TLDR:
- EVMbench draws from 120 high-severity vulnerabilities curated across 40 real-world smart contract audits.
- GPT-5.3-Codex scored 72.2% in exploit mode, far outperforming GPT-5, which only reached 31.9% in testing.
- Moonwell and CrossCurve both suffered smart contract exploits recently, adding urgency to AI-driven security tools.
- Anthropic’s late 2025 report warned that AI agents can already identify smart contract flaws independently and autonomously.
EVMbench is the latest collaborative effort between OpenAI and crypto investment firm Paradigm. The tool is designed to measure how well AI agents detect, patch, and exploit vulnerabilities in smart contracts.
Built from 120 high-severity vulnerabilities across 40 audits, EVMbench targets the Ethereum Virtual Machine ecosystem.
This development comes amid recent DeFi exploits that have renewed industry focus on smarter, faster contract auditing through artificial intelligence.
EVMbench Tests AI Agents Across Multiple Capability Modes
EVMbench evaluates AI agents across several distinct capability modes. These include detecting vulnerabilities, modifying contract code, and eliminating potential exploitability in deployed contracts.
The benchmark also tests an agent’s ability to execute end-to-end fund-draining attacks in a sandboxed blockchain environment.
OpenAI explained the rationale behind the tool in a blog post on Wednesday. “Smart contracts secure billions of dollars in assets, and AI agents are likely to be transformative for both attackers and defenders,” the company stated. That framing sets the tone for why the benchmark was built in the first place.

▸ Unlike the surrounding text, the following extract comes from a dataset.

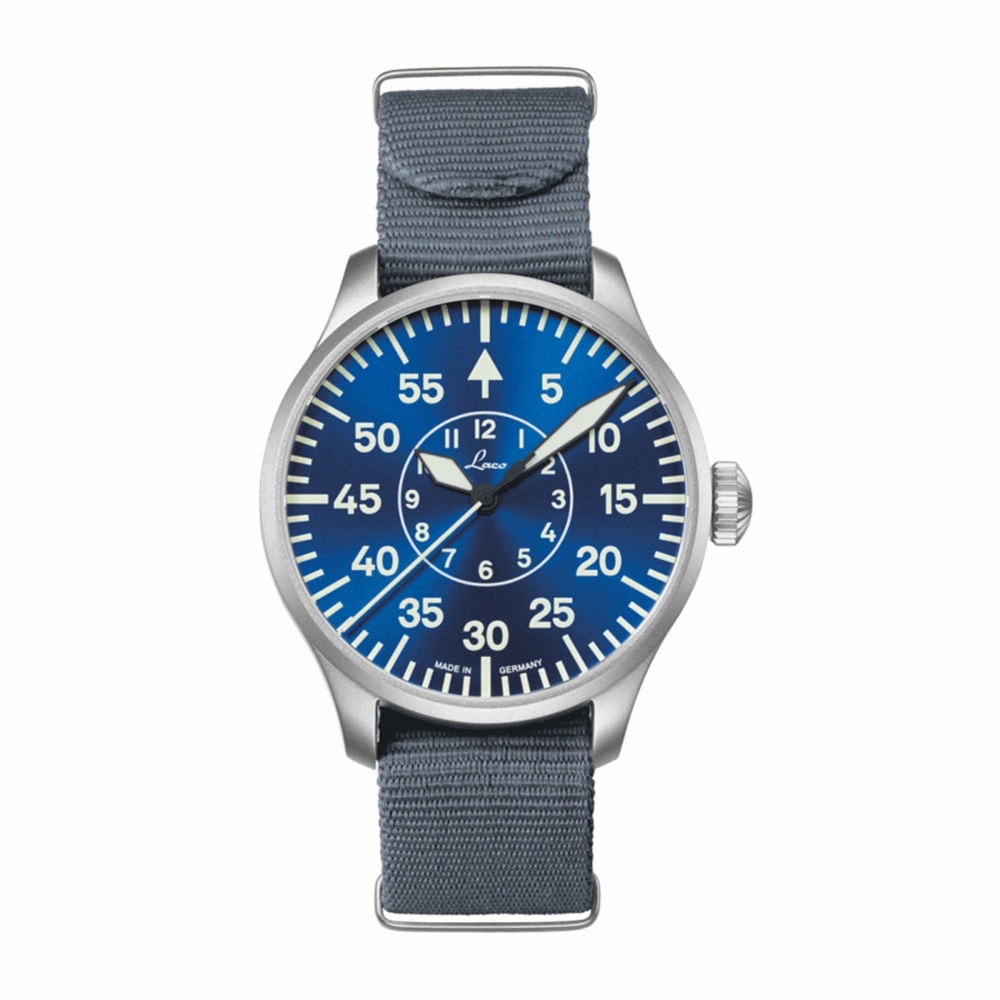 There are pilot watches and then there are pilot watches from Laco. With a Laco pilot watch, you are not only wearing a precise and robust watch on your wrist, but also a piece of history. Silver-tone stainless steel case with a grey nylon strap. Fixed silver-tone stainless steel bezel. Blue dial with black hands and Arabic numeral hour markers. Minute markers around the outer rim. Dial Type: Analog. Luminescent hands and markers. Miyota Caliber 821A-43A Automatic movement, based upon Miyota 821A, bitting at 21600 vph, and has a power reserve of approximately 42 hours. Scratch resistant sapphire crystal. Pull / push crown. Transparent case back. Round case shape, case size: 42 mm. Band width: 20 mm. Buckle clasp. Water resistant at 50 meters / 165 feet. Functions: date, hour, minute, second. Aachen Series. Military watch style. Watch label: Japan Movt. Laco Aachen Automatic Blue Dial Mens Watch 862101.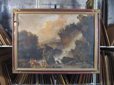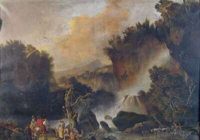 FOLLOWER OF JACOB DE HEUSCH A HUNTING SCENE NEAR THE WATERFALL WITH PEASANTS AND OXEN

The vulnerabilities used in EVMbench were drawn from sponsored open-code audit competitions. They also include security audits conducted for Tempo, a Layer 1 blockchain co-developed by Paradigm and Stripe. This gives the benchmark a real-world foundation rooted in active protocol development.
Early test results show a clear performance gap between AI models. GPT-5.3-Codex scored 72.2% in exploit mode, compared to GPT-5 at just 31.9%. However, coverage for vulnerability detection and patching tasks remains incomplete across both models.
Recent DeFi Attacks Add Urgency to AI-Driven Security Tools
The release of EVMbench follows a series of high-profile smart contract attacks in the DeFi space. Moonwell, a DeFi lending protocol, suffered an exploit this month involving vulnerable code written with AI assistance.
The incident raised fresh concerns about AI-generated code entering production environments without sufficient review.
Around the same time, CrossCurve, a cross-chain liquidity protocol, was compromised through a smart contract vulnerability.
The attack resulted in losses of roughly $3 million across multiple networks. Both incidents point to the growing financial risk tied to unaudited contract code.
OpenAI addressed the broader stakes in its blog post directly. “As AI agents improve at reading, writing, and executing code, it becomes increasingly important to measure their capabilities in economically meaningful environments,” the company wrote. The statement reinforces why a structured benchmark like EVMbench is being introduced now.
Late last year, Anthropic published a separate report on this topic. The report argued that AI agents have already advanced enough to identify smart contract vulnerabilities independently.
As a result, the cost of crypto exploits could decrease over time as AI-powered auditing becomes standard practice.